Постельное белье, свежее, новое, однотонное, темно-бордового цвета, как она любит.
Трубка от кальяна томится в морозилке, а из новых табаков – апельсин, мята и персик. На всякий случай есть пачка сигарет, тонких, длинных, с кнопкой в фильтре. Я не знаю, какие она курит, но стараюсь угодить.
Уже выбрал и взял в аренду два фильма в онлайн кинотеатре, один Нолана, второй Гая Ричи. Она такие любит, разные по природе, но зрелищные и дающие простор для размышлений. Возможно, посмотрим оба.

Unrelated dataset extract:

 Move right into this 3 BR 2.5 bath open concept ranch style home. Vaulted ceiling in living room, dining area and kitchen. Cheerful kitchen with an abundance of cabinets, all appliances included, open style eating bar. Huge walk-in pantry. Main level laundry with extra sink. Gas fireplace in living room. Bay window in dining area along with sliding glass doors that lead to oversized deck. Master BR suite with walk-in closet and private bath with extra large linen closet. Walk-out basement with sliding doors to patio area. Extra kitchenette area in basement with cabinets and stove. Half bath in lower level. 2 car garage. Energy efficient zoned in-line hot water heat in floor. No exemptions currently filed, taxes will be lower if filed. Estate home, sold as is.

Плейлист для секса. Вот Черт! Наспех набросал в папку композиции без слов или на незнакомых языках, все вперемешку, эпические запилы, классно подходящие для кульминации, этнические мотивы, дарк фолк, эмбиэнт, скандинавские ритмичные ударные мелодии – это все для порки и температурных игр, немного испанских гитарных партий, для того, чтоб настроиться на романтику во время и после ужина. Надеюсь, это подойдет ей больше, чем Live to win и Eye of the Tiger, которые заиграли в прошлый раз и испортили картину.

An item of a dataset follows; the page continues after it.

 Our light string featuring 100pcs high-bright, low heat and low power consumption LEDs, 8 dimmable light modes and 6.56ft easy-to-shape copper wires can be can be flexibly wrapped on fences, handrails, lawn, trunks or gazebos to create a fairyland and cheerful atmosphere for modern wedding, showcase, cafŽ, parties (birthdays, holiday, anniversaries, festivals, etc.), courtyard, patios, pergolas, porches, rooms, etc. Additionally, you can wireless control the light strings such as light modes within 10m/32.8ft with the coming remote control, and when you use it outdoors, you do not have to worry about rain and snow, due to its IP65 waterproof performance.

Два вида свечей, маленькие ароматические, для настроения, все те же легкие мята и апельсин. И длинные мягкие, воском от них почти не больно капать на кожу. Лёд Есть в виде кубиков, сердечек и черепков. Я предпочел бы употребить его с виски, но она не любит виски. Она любит лёд на своей бархатной коже.
Плети. На самом деле всего лишь два мягких флоггера по пятьдесят хвостов. Ими совсем не больно, ощущается просто как массаж, но ей этого мало. Ремень, не слишком широкий, и гладкий, чтоб не оставить сильных следов. Я стараюсь не думать, а том, что делаю ей больно. Она любит такое, и я стараюсь угодить даже здесь.
Ремни на наручах укорочены, чтоб не болтались, ошейник новый, кольцо у него не должно оторваться при первом чихе.
Приготовления завершены.
Нарезая салат вспоминаю недавний разговор, про соционику, этико-интуитивных и интуитивно-этических людей, интровертов, экстравертов, Наполеонов и Есениных. Пытаюсь примерить на себя все сказанное, и оно ложится идеально. И то, и другое, и третье, все подходит мне и все меня характеризует.
Теперь если она не отвечает долго в мессенджере – я тоже не пишу, чтоб не заподозрила во мне Достоевского.
Рассказываю меньше веселых историй, чтоб не прослыть Есениным.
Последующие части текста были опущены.